[Start of Attachment]
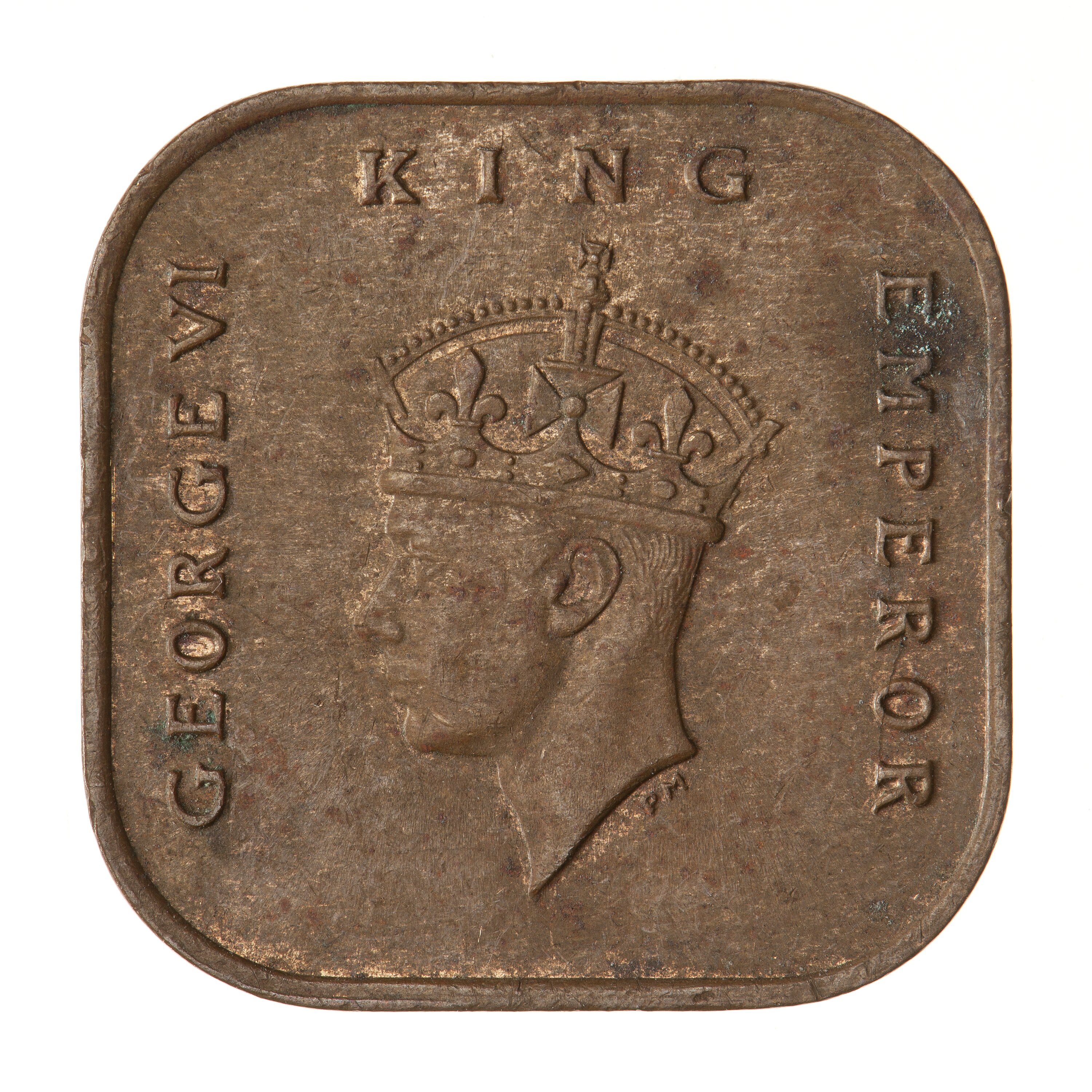 Crowned head of the King facing left; around, GEORGE VI KING EMPEROR; artist's initials, PM, below neck
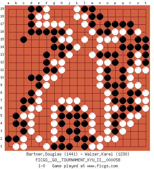 Last move : 1-0 2016 March 25 20:18:29 [Event "FICGS__GO__TOURNAMENT_KYU_II__000058"] [Site "FICGS"] [Date "2016.02.13"] [Round "1"] [Black "Bartner,Douglas"] [White "Walzer,Karel"] [Result "1-0"] [Rating 1 "1441"] [Rating 2 "1230"] 1.r16 d4 2.d17 q3 3.c15 r5 4.k3 j4 5.j3 p16 6.p17 q16 7.q17 r15 8.o16 s16 9.r17 o15 10.n16 n15 11.q15 p15 12.q14 r11 13.r14 m16 14.m17 n17 15.o17 l17 16.m18 l15 17.d10 l18 18.n18 g17 19.q9 r9 20.r8 s9 21.q7 s13 22.s15 o12 23.c6 g3 24.k4 m4 25.h4 g4 26.j5 o8 27.q5 q4 28.p5 o4 29.r6 s5 30.o10 n10 31.o9 n9 32.o11 n11 33.p12 s7 34.s8 t8 35.s6 t6 36.p8 h11 37.g15 h15 38.h14 j13 39.g14 j15 40.f12 j7 41.m2 o2 42.p4 o3 43.p3 p2 44.c3 d3 45.c4 d6 46.d7 e6 47.c7 f9 48.e10 f10 49.h6 h7 50.f11 o7 51.o13 n12 52.p13 p11 53.q11 p10 54.p9 l6 55.h2 g2 56.k2 e17 57.d16 g6 58.j1 r4 59.j14 k14 60.g16 h17 61.h16 j16 62.n13 m13 63.g11 g10 64.r12 r10 65.q10 s12 66.k6 k7 67.l5 m5 68.l4 o5 69.h13 h12 70.g1 f1 71.h1 e2 72.e9 e8 73.d8 e7 74.e16 e18 75.d18 c2 76.b2 c5 77.b5 d5 78.b4 b1 79.e19 f18 80.a2 p6 81.q6 j6 82.h5 g5 83.r13 g12 84.f13 t14 85.t15 m3 86.s14 s11 87.t13 n2 88.l2 f19 89.d19 n14 90.l19 k19 91.m19 k18 92.p7 o6 93.f16 f17 94.t12 t11 95.t14 m1 96.l1 n1 97.k5 c1 98.r7 t7 99.pass pass 100.pass 1-0 Here are the names of the openings (joseki) played in the four corners : Corner q16 : r16 p16 Komoku (Somok, Xiao~mu`) 3-4 Point. The komoku (3-4) point is the traditional corner enclosure move.. Ikken Takagakari (Hankan Nop'dakeolch'im, Yi Gaogua`jiao~, 1-Space High Approach). The 5-4 approach move has become more popular in modern times, as modern Go emphasizes speed and influence. Player Black won this Go (weiqi, baduk) game. Follow this game move after move (download)Go is not a blocking game, it's a game of action. (Pierre Audouard) My poor ole parrot... Is not in the circulation of displays ....poo hoo hoo :) (Wayne Lowrance's enigma)
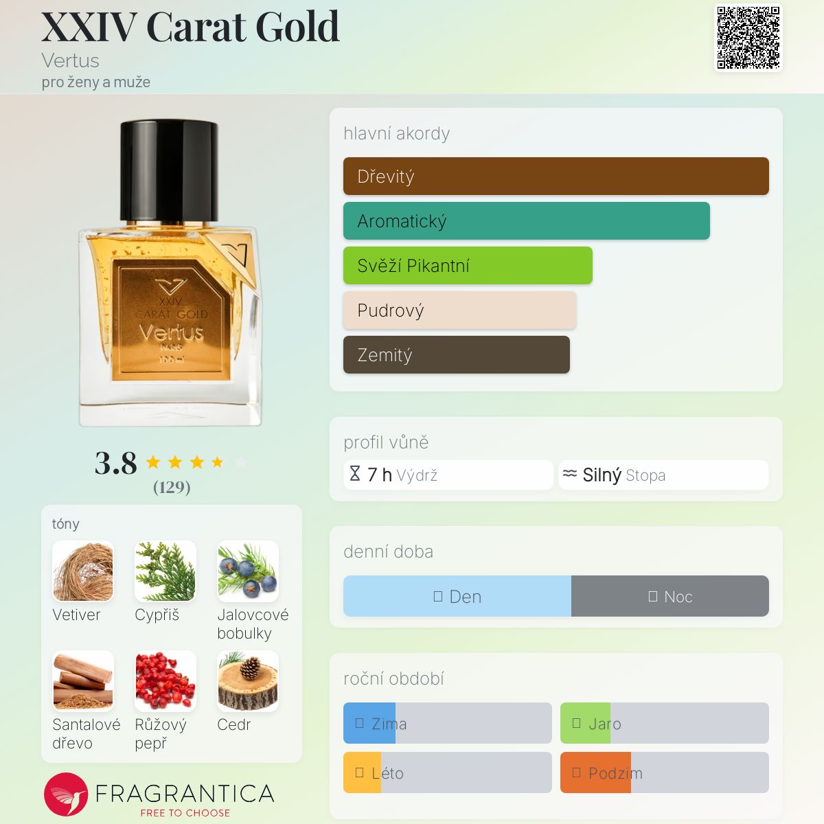 XXIV Carat Gold podle Vertus je Woody Spicy vůně pro ženy a muže. XXIV Carat Gold byl/a uveden/a v roce 2015. Vrchní tóny jsou Cypřiš, Jalovcové bobulky a Aldehydy; střední tóny jsouRůžový pepř a Fialka ; základní tóny jsou Vetiver, Santalové dřevo, Cedr, Tabák a Pižmo.
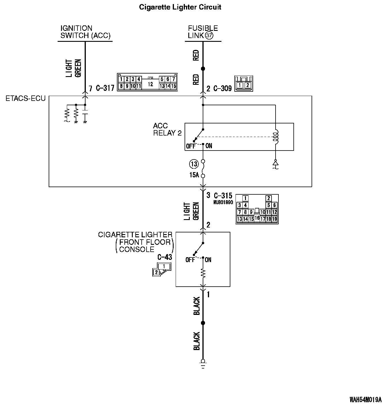 If the cigarette lighter cannot be used even when the ignition switch is in the ON or ACC position, ETACS-ECU, cigarette lighter itself, or cigarette lighter power supply circuit may have a problem.
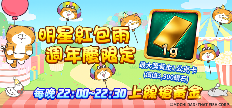 白爛貓集字換黃金:限時開放白爛貓集字活動,只要收集到指定字樣,就有機會兌換好禮——黃金1g卡!
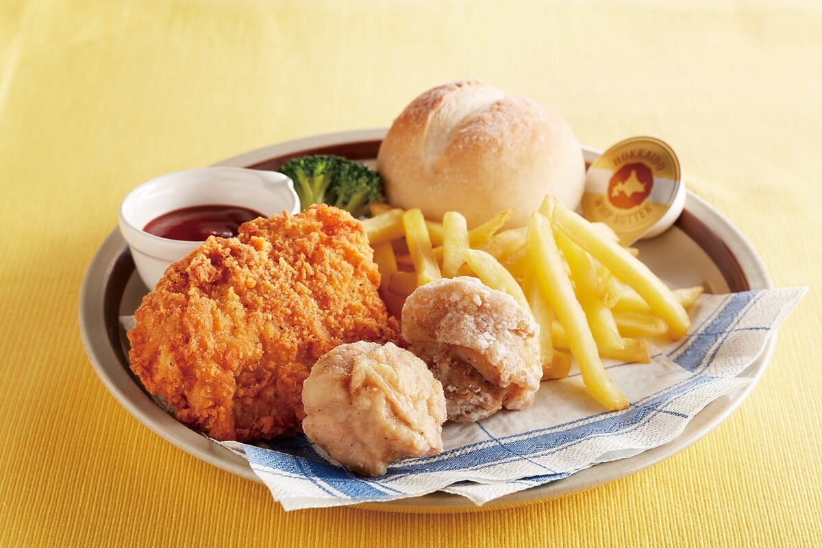 カリッと香ばしいフライドチキンに唐揚げ、ポテトフライ、パンが盛り付けられた贅沢なメニュー。
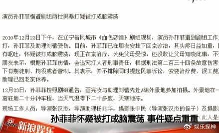 2010年12月23日,网上爆料称孙菲菲在《血色恋情》剧组现场惨遭工作人员暴打,孙菲菲被打成脑震荡。
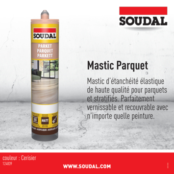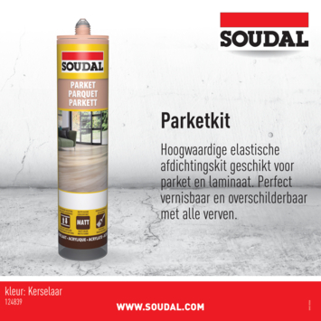De parketkit kerselaar (290 ml) van Soudal is een hoogwaardige elastische afdichtingskit geschikt voor parket en laminaat. Perfect vernisbaar en overschilderbaar met alle verven. Ook verkrijgbaar in andere kleuren en tinten.
[End of Attachment]
**Try it**
Pictures do not belong in the copy. Repeat exactly each line from the one with "白爛貓集字換黃金:限時開放白" through the end of the listing.

**Response for this exercise**
 白爛貓集字換黃金:限時開放白爛貓集字活動,只要收集到指定字樣,就有機會兌換好禮——黃金1g卡!
 カリッと香ばしいフライドチキンに唐揚げ、ポテトフライ、パンが盛り付けられた贅沢なメニュー。
 2010年12月23日,网上爆料称孙菲菲在《血色恋情》剧组现场惨遭工作人员暴打,孙菲菲被打成脑震荡。
De parketkit kerselaar (290 ml) van Soudal is een hoogwaardige elastische afdichtingskit geschikt voor parket en laminaat. Perfect vernisbaar en overschilderbaar met alle verven. Ook verkrijgbaar in andere kleuren en tinten.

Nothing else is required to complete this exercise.